• Task:
What you write must match the records exactly, except for the images, which are left out.

• Data extract:

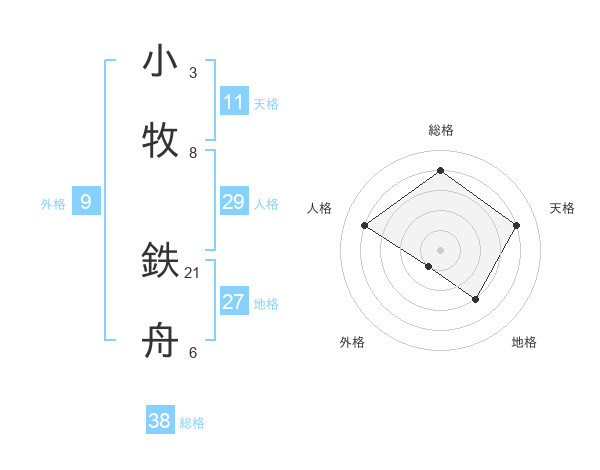 小牧 鉄舟さんの総格は38画の4点!
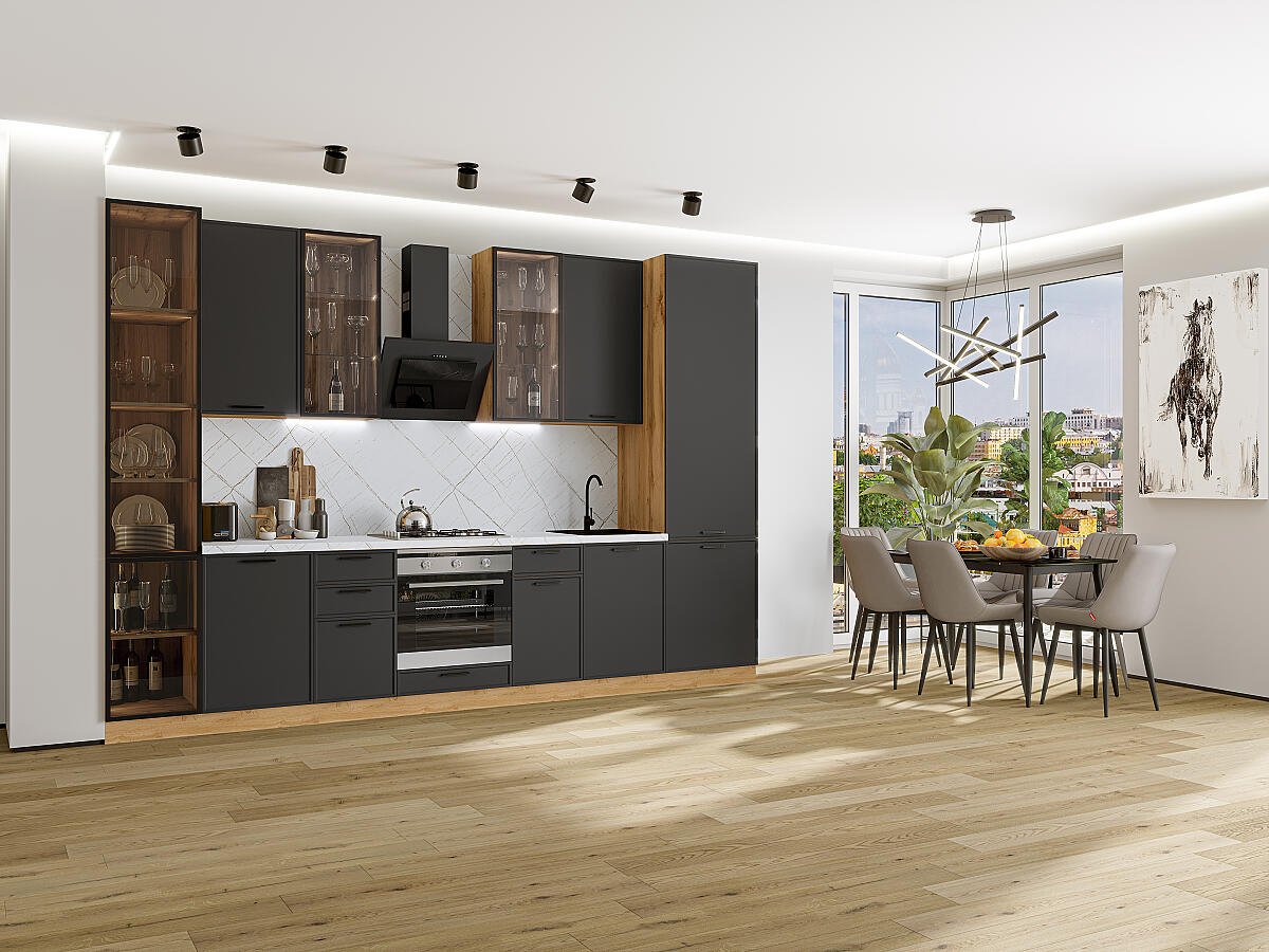 Фрейм-06 Stormy Silk 79677.Расположение Прямая. Размер (В*Ш*Г) мм 2340*3400*600. Цвет каркасов Дуб Вотан. Материал каркасов ЛДСП. Цвет фасадов Stormy Silk. Материал фасадов МДФ. Отделка фасадов ПЭТ. Толщина кромки мм .Внимание Ручка в комплект не входит.. Стекло . Столешница Пирит светлый. Толщина столешницы мм 38
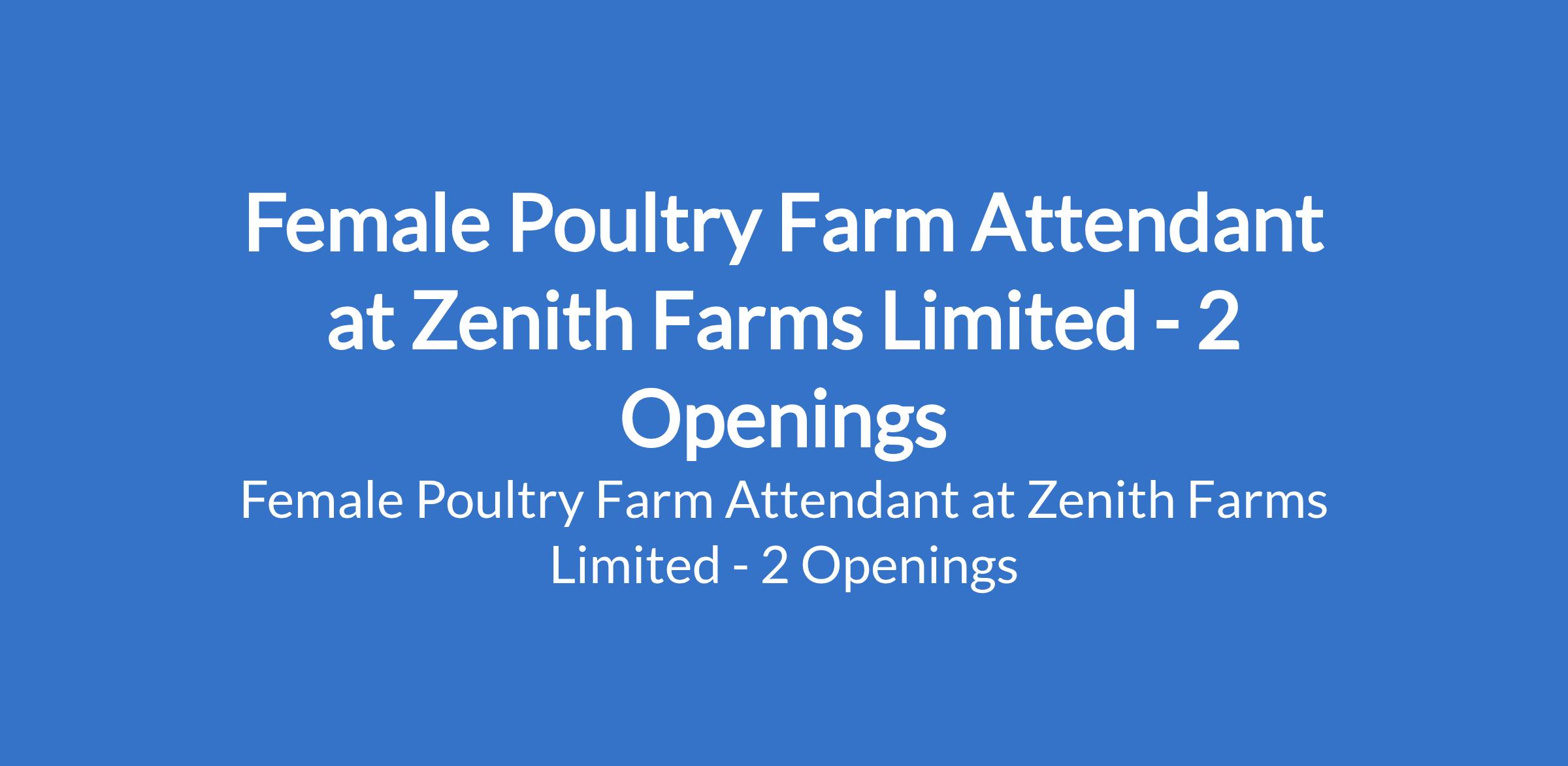 Zenith Farms Limited is recruiting to fill the position of: Female Poultry Farm Attendant. The position is located in Ibadan, Oyo State. Salary: N450,000 - N500,000 monthly. Interested candidates should possess relevant qualifications with experience.
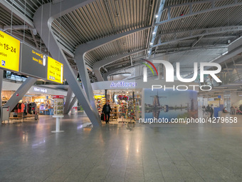 Eindhoven Airport in North Brabant, The Netherlands. Eindhoven Airport EIN / EHEH is a public civilian and military airport, the second largest Dutch airport in passenger traffic. The airport is hub for Transavia airlines, a KLM subsidiary low cost airline and many budget and charter airlines operate on a scheduled basis flights and charter such as Ryanair, Wizz Air, TUI, SunExpress, Pobeda, Pegasus Airlines, Lauda, Corendon and Freebird airlines. Images show the Terminal, the check-in and self check in hall, passengers boarding, hotel, airplanes, apron, the observation desk, general interior and exterior view.
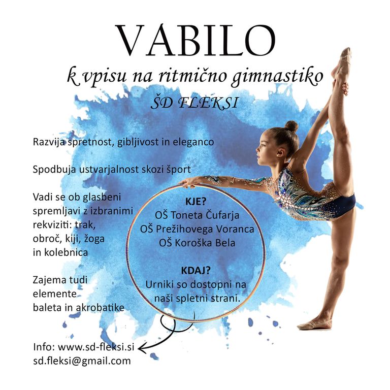 Vabljeni k vpisu na ritmično gimnastiko ŠD Fleksi.
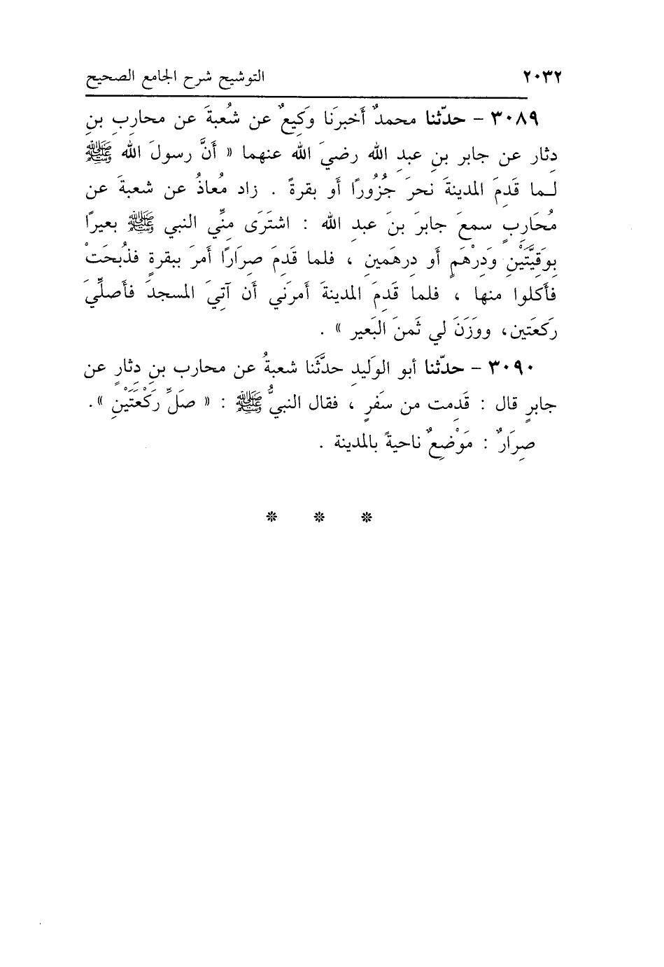 3090 - حَدَّثَنَا أَبُو الوَلِيدِ، حَدَّثَنَا شُعْبَةُ، عَنْ مُحَارِبِ بْنِ دِثَارٍ، عَنْ جَابِرٍ، قَالَ: قَدِمْتُ مِنْ سَفَرٍ فَقَالَ النَّبِيُّ صَلَّى اللهُ عَلَيْهِ وَسَلَّمَ: «صَلِّ رَكْعَتَيْنِ»، "صِرَارٌ: مَوْضِعٌ نَاحِيَةً بِالْمَدِينَةِ".
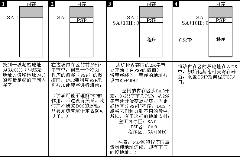 程序加载后,ds中存放着程序所在内存区的段地址,这个内存区的偏移地址为 0 ,则程序所在的内存区的地址为:ds:0;这个内存区的前256 个字节中存放的是PSP,dos用来和程序进行通信。
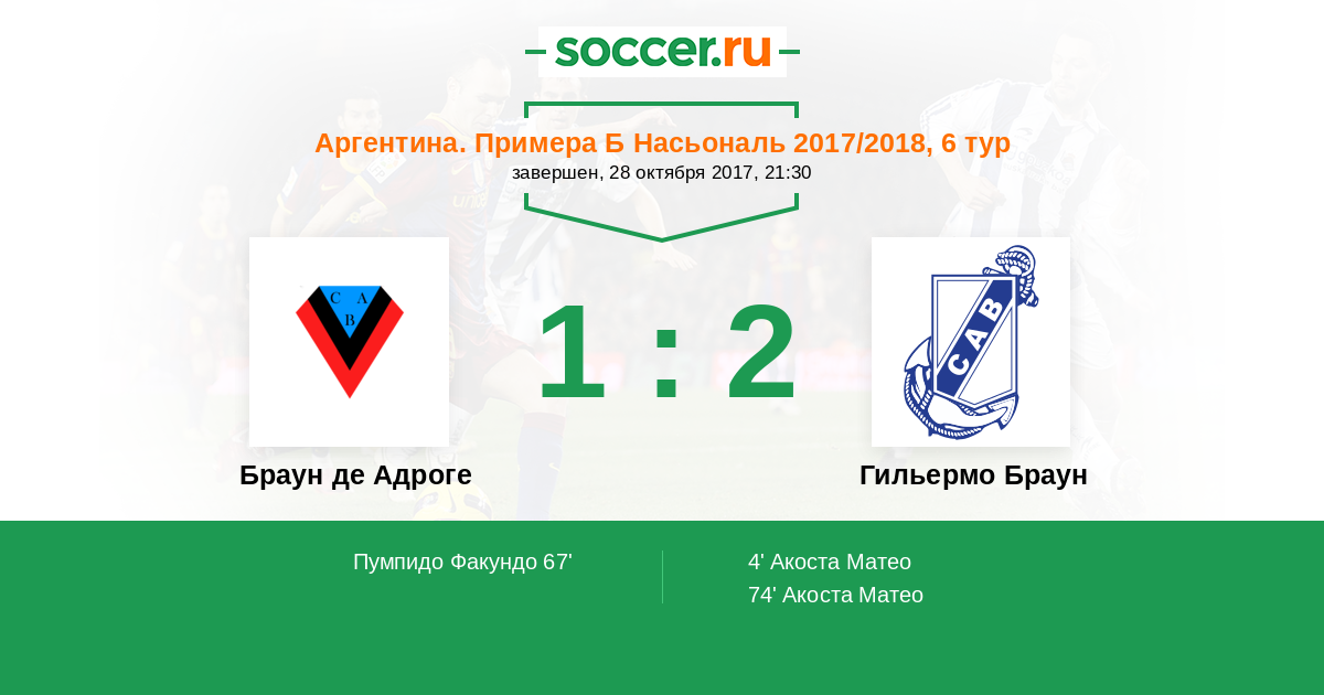 Браун де Адроге - Гильермо Браун: обзор матча 28 октября 2017

• Response to this exercise:
 小牧 鉄舟さんの総格は38画の4点!
 Фрейм-06 Stormy Silk 79677.Расположение Прямая. Размер (В*Ш*Г) мм 2340*3400*600. Цвет каркасов Дуб Вотан. Материал каркасов ЛДСП. Цвет фасадов Stormy Silk. Материал фасадов МДФ. Отделка фасадов ПЭТ. Толщина кромки мм .Внимание Ручка в комплект не входит.. Стекло . Столешница Пирит светлый. Толщина столешницы мм 38
 Zenith Farms Limited is recruiting to fill the position of: Female Poultry Farm Attendant. The position is located in Ibadan, Oyo State. Salary: N450,000 - N500,000 monthly. Interested candidates should possess relevant qualifications with experience.
 Eindhoven Airport in North Brabant, The Netherlands. Eindhoven Airport EIN / EHEH is a public civilian and military airport, the second largest Dutch airport in passenger traffic. The airport is hub for Transavia airlines, a KLM subsidiary low cost airline and many budget and charter airlines operate on a scheduled basis flights and charter such as Ryanair, Wizz Air, TUI, SunExpress, Pobeda, Pegasus Airlines, Lauda, Corendon and Freebird airlines. Images show the Terminal, the check-in and self check in hall, passengers boarding, hotel, airplanes, apron, the observation desk, general interior and exterior view.
 Vabljeni k vpisu na ritmično gimnastiko ŠD Fleksi.
 3090 - حَدَّثَنَا أَبُو الوَلِيدِ، حَدَّثَنَا شُعْبَةُ، عَنْ مُحَارِبِ بْنِ دِثَارٍ، عَنْ جَابِرٍ، قَالَ: قَدِمْتُ مِنْ سَفَرٍ فَقَالَ النَّبِيُّ صَلَّى اللهُ عَلَيْهِ وَسَلَّمَ: «صَلِّ رَكْعَتَيْنِ»، "صِرَارٌ: مَوْضِعٌ نَاحِيَةً بِالْمَدِينَةِ".
 程序加载后,ds中存放着程序所在内存区的段地址,这个内存区的偏移地址为 0 ,则程序所在的内存区的地址为:ds:0;这个内存区的前256 个字节中存放的是PSP,dos用来和程序进行通信。
 Браун де Адроге - Гильермо Браун: обзор матча 28 октября 2017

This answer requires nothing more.